Open lapp0 opened this issue 1 year ago • 0 comments

@brandonwillard and I were looking into the LlamaCppTokenizer and noticed a number of issues:

It's not made obvious that __getstate__ is used to serialize for hashing.
LlamaCppTokenizer and TransformerTokenizer are subclasses of outlines Tokenizer, but vLLM is not
LlamaCppTokenizer.__init__ doesn't load special_tokens
vLLM and transformers tokenizers use adapt_tokenizer, but llamacpp doesn't.
Tokenizers are intended to be immutable, but that isn't programmatically guaranteed.
The __hash__ and _stablehash(serialized) are calculated once per call rather than caching their hash value.

A lot of minor changes here. Please let me know if I'm missing something or if I've accidentally excluded something.

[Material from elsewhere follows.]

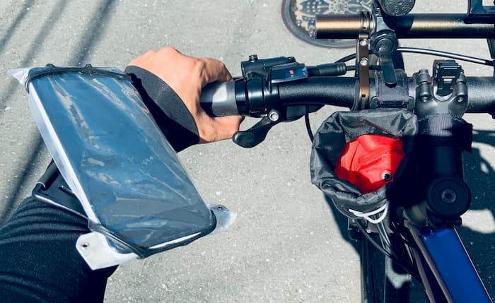 ジップロックや防水クリアケースを着けてその上からスマホホルダー使用する方法もある。かなりお手軽。

__getstate__ is a fallback for outlines.caching, and by default we implement _stablehash
vLLM becomes an outlines Tokenizer and uses the standard interfaces.
Good parameterized tests for all three tokenizers
outlines Tokenizer mutation is disabled
adapt_tokenizer is removed. All models pass themselves to their respective Tokenizer to be constructed.
_stablehash and __hash__ are only calculated once.
llamacpp tokenizer should have identical "batch decoding" behavior to the other tokens. link

Some of the work to fix this can be resurrected from https://github.com/outlines-dev/outlines/pull/676

Status

On hold until ExLlamaV2 integration is complete (https://github.com/outlines-dev/outlines/issues/807)

Jun 01 '24 00:06 lapp0